You have a small group of brigades each serving specific purposes in its Army (I have omitted Air Force and Navy here). All brigades are augmented by the requisite support and weapons units needed to fulfill their tasks. A motorised mortar company accompanies a motorised infantry brigade. SOF troops are supplemented with an airborne company, and so on. A brief glance at the FDF would show an ORBAT that tends to make sense.

On the other hand, the South African Army’s ORBAT is as follows:

south_africa_army_2016_structure

A compartmentalised, colour-coded mess. And this is for the army alone. Units are organised not according to what would best suit its function as a brigade, but according to either its geographic location or its operational speciality. This was an unfortunate side-effect of the silo approach adopted by the SANDF post-apartheid. While aimed at saving money, it meant that your medics, signallers, engineers, tankers, paratroopers and so on were all completely divorced from one another, resulting in an inorganic mess.
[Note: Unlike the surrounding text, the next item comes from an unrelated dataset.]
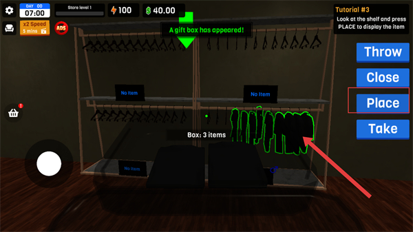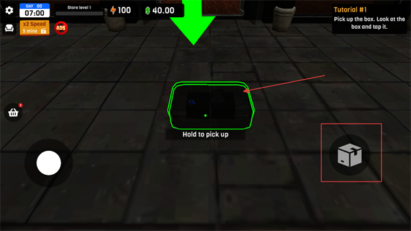 1、长按拾取地面箱子,按指引操作,开启服装经营流程。

In reality it neither saved money nor made any long-term sense at all.

So the defence force is bloated and poorly-organised compared to its nearest budget-equivalent (Finland). There had been a ray of light, however. In 2012 the South African Defence Review first emerged as a clear and intelligent appraisal of just how the SANDF and Department of Defence should be going forward. This policy document, now passed into legislation, except that it had two large flaws. First, it required a substantial and serious uptick in budget for the defence force. Second, it had absolutely no contingency plan in the event that the first hurdle was not be met.

With no budget, and no plan, defence analysts and leadership within the military are searching for a path forward. Short of getting out the begging bowl, nothing seems to be sticking at the national level. Thus, it may be time to consider the harsh reality that the policy, budget, and force levels of the SANDF need a massive overhaul. This is, of course, not politically expedient. Matching the woeful defence budget with a useful force structure similar to the FDF would mean over 25,000 job cuts. It would mean a complete shelving of certain units and the mothballing of many epaulettes in the higher ranks.
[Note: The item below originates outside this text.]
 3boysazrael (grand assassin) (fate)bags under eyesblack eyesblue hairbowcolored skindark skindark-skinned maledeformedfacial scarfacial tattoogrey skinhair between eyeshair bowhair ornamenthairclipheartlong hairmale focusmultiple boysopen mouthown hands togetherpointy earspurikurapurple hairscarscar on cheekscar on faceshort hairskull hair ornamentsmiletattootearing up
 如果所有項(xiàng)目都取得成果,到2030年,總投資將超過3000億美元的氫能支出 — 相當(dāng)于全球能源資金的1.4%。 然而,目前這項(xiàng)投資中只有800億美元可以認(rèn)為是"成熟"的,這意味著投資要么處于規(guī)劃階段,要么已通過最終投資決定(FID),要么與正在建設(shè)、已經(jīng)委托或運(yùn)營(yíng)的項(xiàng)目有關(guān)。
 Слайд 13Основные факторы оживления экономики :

However, looking at the Finnish defence reform model, a five year phasing out of the old and introduction of the new is at least possible. Even doubling this to ten years would be a positive step forward. This is because the reality of the SANDF is that to simply plod along in the current climate of underfunding would result in an ineffective, obsolete force incapable of mounting any serious expeditionary campaign for any particularly lengthy period of time. Indeed, even if the budget were to miraculously double tomorrow, the backsliding into inefficiency may already be irreversible.
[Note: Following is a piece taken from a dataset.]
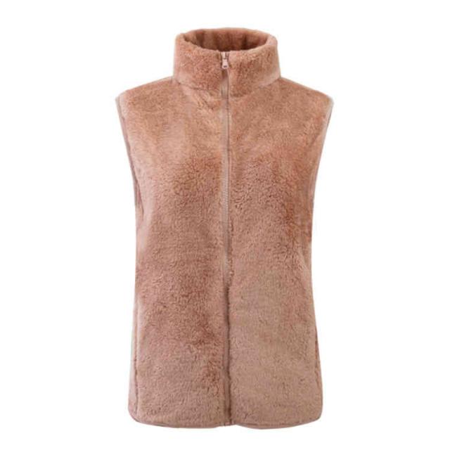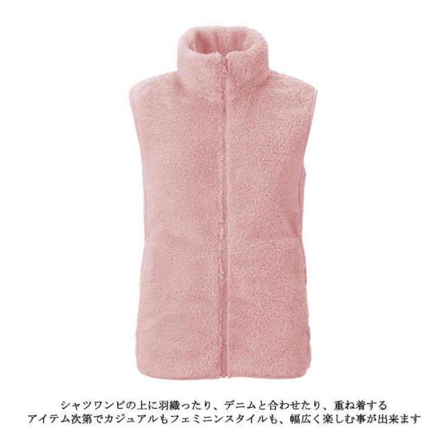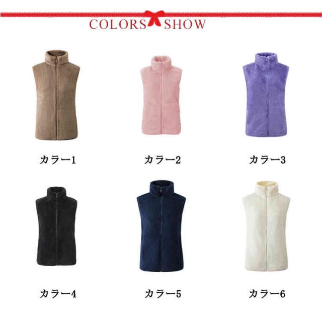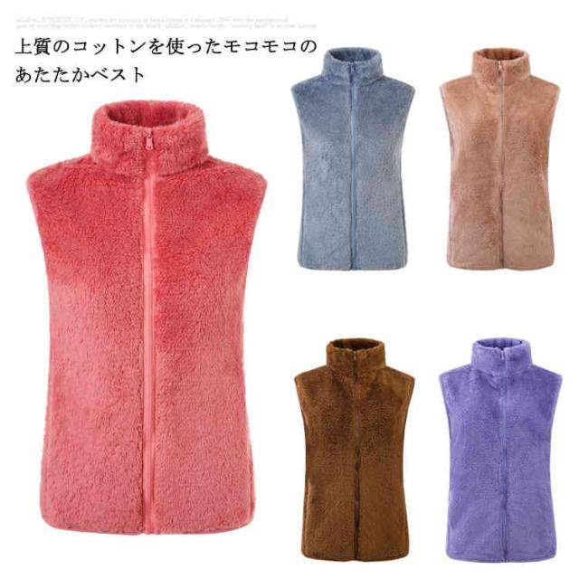 ボアジャケット レディース フリース ボア アウター ベスト ボアベスト フリースベスト スタンドカラー 立ち襟 アウトドア 防寒 もこもこ 無地 大きいサイズ 秋 冬 40代 30代 50代 20代

Put simply, the SANDF has set its sights too high. This was not their fault, given the assurances they received from the then defence minister that money would be found to improve the defence force. But the bar was set too high, and with no alternative policy, too many troops and a minimal budget, the SANDF must undergo drastic reform. This is not to say, however, that South Africa should take a simplistic carbon copy approach of the FDF. The point is more that a functional, affordable defence is possible and that a real world comparison exists. The strategic environment in South Africa sees a country wishing to secure its maritime borders, maintain air supremecy in the region, defend its borders, and mount expeditionary interventions into the heart of Africa. These are not achievable on the scale South African foreign interests desire. Worse still, simply plodding onwards with the existing SANDF framework, using the budget available and the Defence Review as a rudder will simply push the military into further inadequacy in its job description.